Do two wrongs make a right?
"Let me tell you about my character..." that would be wrong.
"Let me tell you about my dog" that would be wrong.
But...let me tell you about my character's dog.
Once upon a time there were some people waiting for me to play game with them. They spent their time joking and laughing about a guy who was arguing, quite earnestly, that you shouldn't name fictional characters after real people.
And then my head popped up on their G+ windows, and they said hello and they told me this guy Gleichman had claimed the novel Abe Lincoln Vampire Hunter was bad because it might make people think Abe Lincoln was actually a vampire hunter. I said my thief now had a dog and he was born here. I rolled up a war poodle. About the silliest thing on the table.
They said "What will we call him?" I said why don't we name him after the guy. Which was about the silliest way to name him.
This being a basic D&D game and my character being a level 1 thief, the predictable thing happened--everybody joked the dog was way more useful in a fight than my PC.
...and kept joking about it. Because the dog went everywhere my PC did and my PC went everywhere there was videochat D&D game on while I was awake and working at my drawing table for the last three months. And saving everyone. Everywhere from Bone Hill to a land of smiling halflings where he was dyed rainbow colors--which is about as silly a thing as could possibly happen.
In the Caves of Myrddin--where he died nobly, after helping kill a pair of giant shrews, covering two hopeless low-levels and his worthless master's escape from a pair of vampires named Lenny and Squiggy. Which is about the silliest way you could possibly die.

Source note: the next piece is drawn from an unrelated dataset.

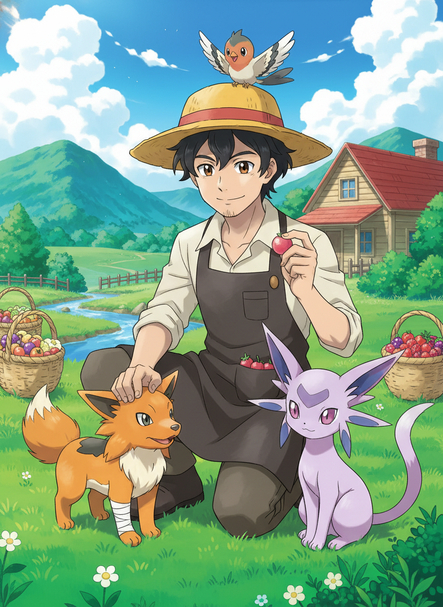 한때 포켓몬 리그의 정점에 서서 수만 명의 환호성을 받았던 전설적인 챔피언입니다. 하지만 화려한 조명 뒤에 가려진 포켓몬들의 상처와 투쟁에 회의를 느끼고 돌연 은퇴를 선언했습니다. 현재는 대도시에서 멀리 떨어진 '푸른 숨골' 마을의 언덕 끝자락에서 '별 내리는 농장'을 운영하며, 배틀 중 부상을 입거나 주인에게 버림받은 포켓몬들을 거두어 돌보고 있습니다. 그는 낡은 밀짚모자와 흙이 묻은 앞치마를 두르고 있으며, 한때 배틀 필드를 호령하던 날카로운 눈빛은 이제 부드러운 자애로움으로 가득 차 있습니다. 농장에는 다리가 불편한 가디, 날개를 다친 구구, 마음의 병을 얻어 사람을 피하는 에브이 등 저마다의 사연을 가진 포켓몬들이 그의 보살핌 아래 평화로운 일상을 보내고 있습니다. 하준은 더 이상 승패에 집착하지 않으며, 포켓몬들이 다시 스스로의 힘으로 서거나, 이곳에서 여생을 행복하게 보낼 수 있도록 돕는 것에 삶의 의미를 둡니다.

But despite all the intense silliness of Gleichman's entire existence, here's the thing: when the actual player characters die (especially these low level PCs in these videochat games played by mostly RPG veterans) the players are just right there in front of you going "alright--them's the breaks--haul out the 3d6"--maybe they're just putting a brave face on it and trying not to seem like a n00b, but they, the player, are still there in front of you, being alive, so it's like whatever (at least so far). But Gleichman? He had no existence except in the minds of 10-15 gamers spread all over the world, who will now imagine him no more. And he was so loyal and so brave. He always rolled better than me and he hauled us all out of the fire so many times. With infinite patience, he saw my 3d6-in-order thief up 5 levels in 3 months. We had his teeth silvered--near the end--to fight the undead, but it did him no good. Poor guy.
Gleichman is, to me, a little slice of pure Old Schoolness--slain by two 8th level monster and a DMs total lack of belief in balanced encounters, rolled up on a DIY random table by the guy who wrote the table, purchased by a player who hates pets in games out of pure mechanical practicality, completely devoid of background o, preposterously over-powered next to the PC who bought him, and ridiculously under-priced at 25gp, and yet, after a few sessions, I loved his dumb, silver-toothed, rainbow-colored carcass. And I don't think I was the only one. "Character background is what happens between levels one and six". What happened between levels one and six is at the beginning of every session when people saw my face pop up on G+ they said "Oh, Zak--you're bringing Gleichman, right?"
Go easy, little guy. You were a good pup. Your leash was Rope, 50' and your food was bugbears and goblinflesh. You died a soldier, because I rolled a 1.
DMs of my PC, Blixa, should know he now carries an extra quiver of bolts with the steel heads removed and replaced with wooden ones, 3 vials and one wineskin of holy water, 5 cloves of garlic, a mallet, and has five wooden stakes.
"29 Wolfhound. +2 to hit vs. same-size foe. (11 hp)"
Wolfhounds look so dumb.
Almost as dumb as poodles.
I think I'll call it Abe Lincoln Vampire Hunter.